Me firmo, triste e chateado
Desfavelado.
(...)
Antes que me urbanizem a régua, compasso,
computador, cogito, pergunto, reclamo:
Por que não urbanizam antes
a cidade?
Era tão bom que houvesse uma cidade
na cidade lá embaixo.
(Favelário Nacional - Carlos Drummond de Andrade)

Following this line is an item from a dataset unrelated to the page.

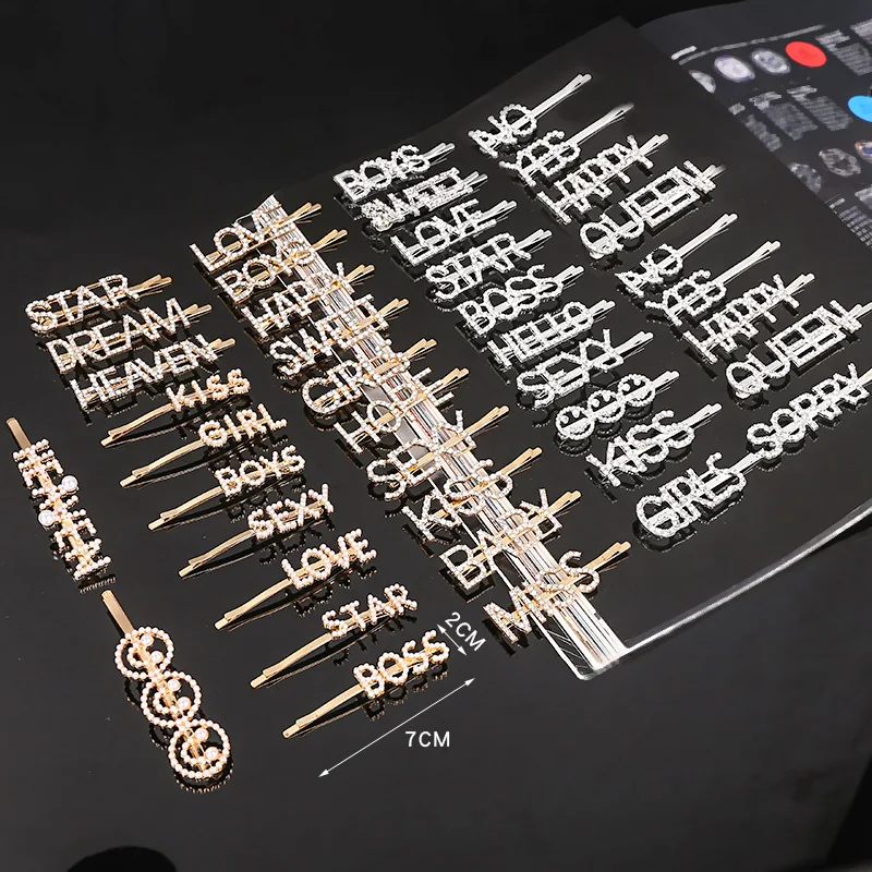 Заколки для женщин, для стразы, с буквами, заколки невидимки для волос

Melhor descer, lhe diziam. Aqui em cima tu não consegue nada. Lá embaixo é que é. Tem emprego, tem escola, tem grana. Tem futuro, tem mulher, tem gana. Tem honestidade e religião. Tem rosto, tem voz, tem nome. Aqui cê vive de nada em nada, boca em boca, fome em fome. Cê pisa no mato, na terra, no esgoto. Ninguém bebe a tua lágrima nem ri teu sorriso. Teu cheiro ninguém cheira e teu nome ninguém sabe. Teu samba ninguém ginga e tua boca ninguém abre. Ninguém apaga teu barraco quando pega fogo, ninguém te enxuga quando vem enchente. Aqui cê não tem ninguém nem nada. Lá embaixo é que tem gente. Cê nasceu no lado errado, ouvia. Aqui em cima tem preto, tem noite e faz frio. Tu é claro, moleque, que nem o dia. Desce que aqui tu não encontra saída. Lá embaixo tem mãe, tem pai, tem comida. Lá é que tem gente de verdade e tem vida.
Desceu. Desceu do morro e foi pra baixo como a casa de dona Maria sempre ia na chuva. Andou lá por baixo como cão que cai do caminhão de mudança. Quis latir, abafaram. Quis chamar, não ouviram. Quis gritar e barraram. Aqui embaixo cê tenta e não consegue, ouvia. É tristeza, é cruel, é dureza João. É sempre sem fundo. Cê enta escalar mas vai pra baixo. Pra baixo dos toldos, paredes, encanamentos. Sob os pés dos outros, sobre os joelhos próprios. Aqui embaixo ninguém te levanta a voz e os olhos. Ninguém chora tua dor nem te faz alegria. Chorar é para os fracos, e todos choram. Melhor ir chorando moleque, lhe diziam. Aqui embaixo tu não é nada.